Directions -
Beginning with the line that contains "Luxusní sestava nábytku", restate each line below through the final one exactly, and exclude the pictures.

Provided material -
- Opening Delimiter -
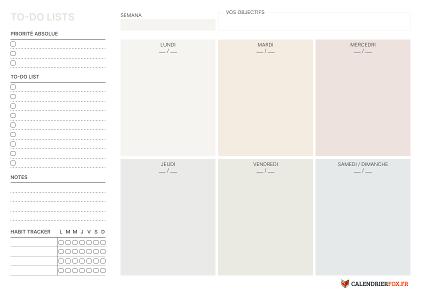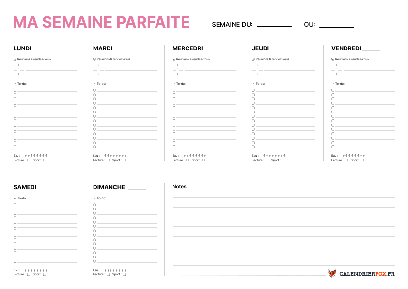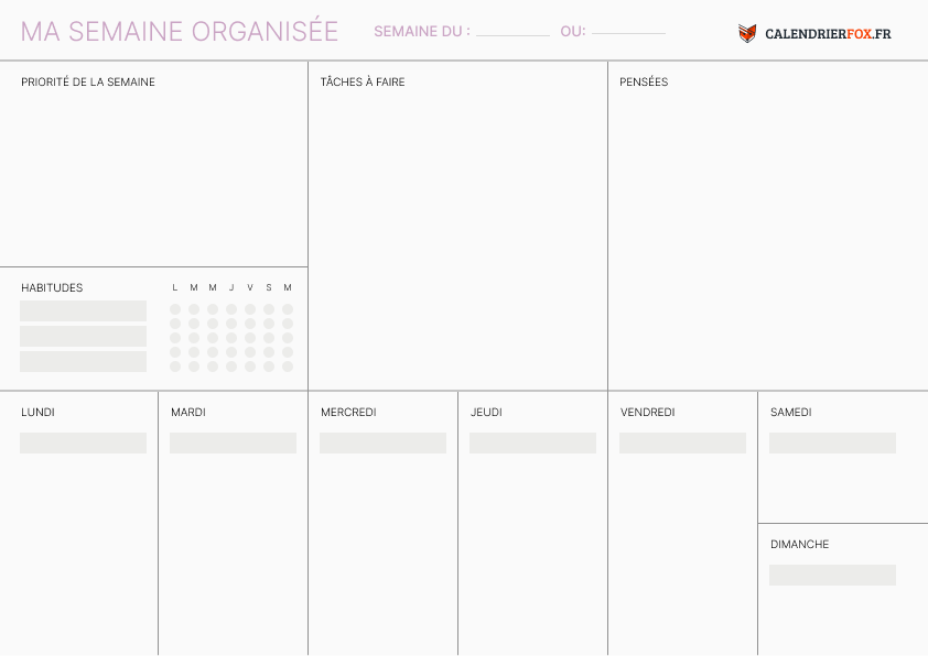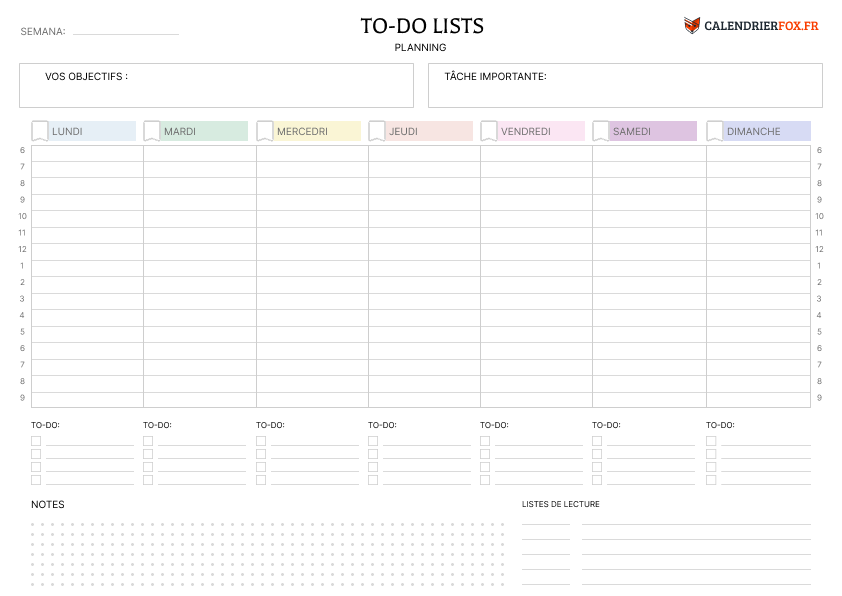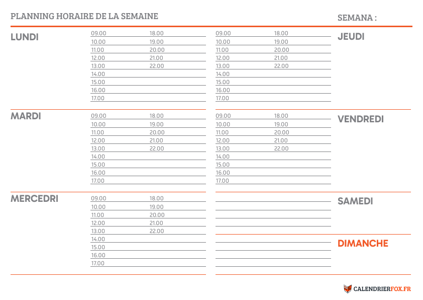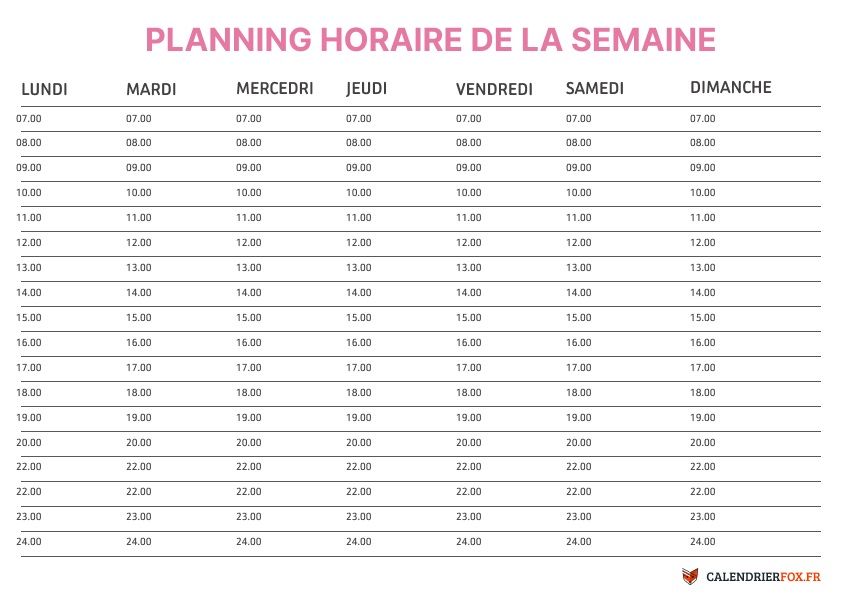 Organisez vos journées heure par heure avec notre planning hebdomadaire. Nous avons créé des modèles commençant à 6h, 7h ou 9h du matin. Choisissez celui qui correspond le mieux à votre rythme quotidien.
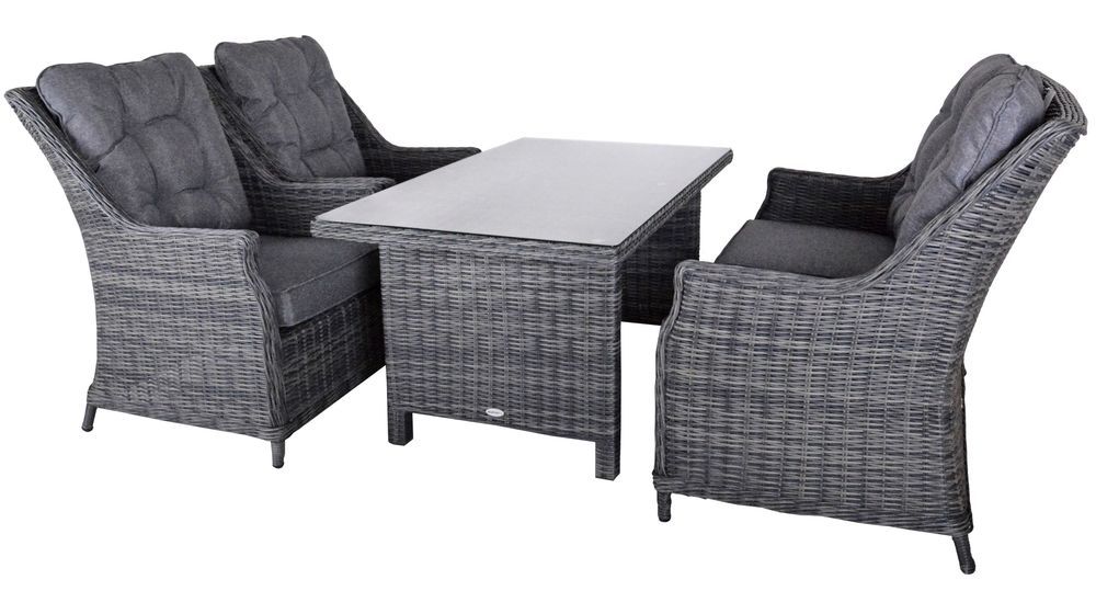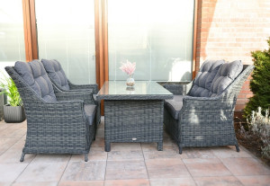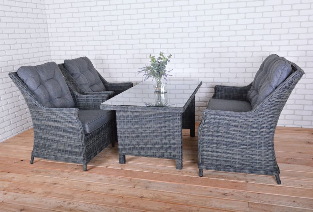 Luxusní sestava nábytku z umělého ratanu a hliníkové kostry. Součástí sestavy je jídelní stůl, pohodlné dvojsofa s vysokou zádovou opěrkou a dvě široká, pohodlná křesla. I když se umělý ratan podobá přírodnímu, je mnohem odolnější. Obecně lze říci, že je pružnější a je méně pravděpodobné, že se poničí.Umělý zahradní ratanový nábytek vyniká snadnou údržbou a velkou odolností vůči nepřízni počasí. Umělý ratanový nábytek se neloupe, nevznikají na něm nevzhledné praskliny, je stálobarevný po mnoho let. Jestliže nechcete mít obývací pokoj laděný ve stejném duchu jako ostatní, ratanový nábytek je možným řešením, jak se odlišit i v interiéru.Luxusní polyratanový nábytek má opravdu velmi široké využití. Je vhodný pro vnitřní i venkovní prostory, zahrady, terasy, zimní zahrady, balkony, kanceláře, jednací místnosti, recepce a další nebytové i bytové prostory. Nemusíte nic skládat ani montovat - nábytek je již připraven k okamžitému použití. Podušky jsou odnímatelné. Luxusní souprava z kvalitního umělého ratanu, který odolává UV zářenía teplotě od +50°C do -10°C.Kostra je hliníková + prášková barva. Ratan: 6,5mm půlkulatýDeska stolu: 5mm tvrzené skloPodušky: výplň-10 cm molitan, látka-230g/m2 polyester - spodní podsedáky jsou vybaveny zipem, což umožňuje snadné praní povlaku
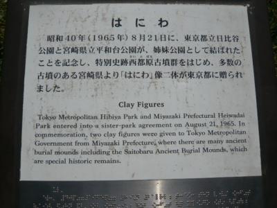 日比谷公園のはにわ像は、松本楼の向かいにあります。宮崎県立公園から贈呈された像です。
- Closing Delimiter -
Written answer -
 Luxusní sestava nábytku z umělého ratanu a hliníkové kostry. Součástí sestavy je jídelní stůl, pohodlné dvojsofa s vysokou zádovou opěrkou a dvě široká, pohodlná křesla. I když se umělý ratan podobá přírodnímu, je mnohem odolnější. Obecně lze říci, že je pružnější a je méně pravděpodobné, že se poničí.Umělý zahradní ratanový nábytek vyniká snadnou údržbou a velkou odolností vůči nepřízni počasí. Umělý ratanový nábytek se neloupe, nevznikají na něm nevzhledné praskliny, je stálobarevný po mnoho let. Jestliže nechcete mít obývací pokoj laděný ve stejném duchu jako ostatní, ratanový nábytek je možným řešením, jak se odlišit i v interiéru.Luxusní polyratanový nábytek má opravdu velmi široké využití. Je vhodný pro vnitřní i venkovní prostory, zahrady, terasy, zimní zahrady, balkony, kanceláře, jednací místnosti, recepce a další nebytové i bytové prostory. Nemusíte nic skládat ani montovat - nábytek je již připraven k okamžitému použití. Podušky jsou odnímatelné. Luxusní souprava z kvalitního umělého ratanu, který odolává UV zářenía teplotě od +50°C do -10°C.Kostra je hliníková + prášková barva. Ratan: 6,5mm půlkulatýDeska stolu: 5mm tvrzené skloPodušky: výplň-10 cm molitan, látka-230g/m2 polyester - spodní podsedáky jsou vybaveny zipem, což umožňuje snadné praní povlaku
 日比谷公園のはにわ像は、松本楼の向かいにあります。宮崎県立公園から贈呈された像です。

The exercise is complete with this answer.